Once the line with "Cho hình chóp" is found in the entries below, print it and each following line exactly, stopping after the line with "- Thành phần"; print nothing else.

Supplied data |
*** Block opens ***
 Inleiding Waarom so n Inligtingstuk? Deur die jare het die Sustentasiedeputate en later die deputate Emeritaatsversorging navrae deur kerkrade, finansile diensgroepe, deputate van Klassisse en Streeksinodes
*** Block closes ***
*** Block opens ***
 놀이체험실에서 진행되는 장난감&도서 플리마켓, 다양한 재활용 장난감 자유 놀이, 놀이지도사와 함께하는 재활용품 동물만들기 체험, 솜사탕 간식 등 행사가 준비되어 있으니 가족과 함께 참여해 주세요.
*** Block closes ***
*** Block opens ***
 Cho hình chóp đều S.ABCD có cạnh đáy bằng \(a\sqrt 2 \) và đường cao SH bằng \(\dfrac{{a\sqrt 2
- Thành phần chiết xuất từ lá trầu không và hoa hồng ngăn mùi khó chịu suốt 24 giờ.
*** Block closes ***
Answer section |
 Cho hình chóp đều S.ABCD có cạnh đáy bằng \(a\sqrt 2 \) và đường cao SH bằng \(\dfrac{{a\sqrt 2
- Thành phần chiết xuất từ lá trầu không và hoa hồng ngăn mùi khó chịu suốt 24 giờ.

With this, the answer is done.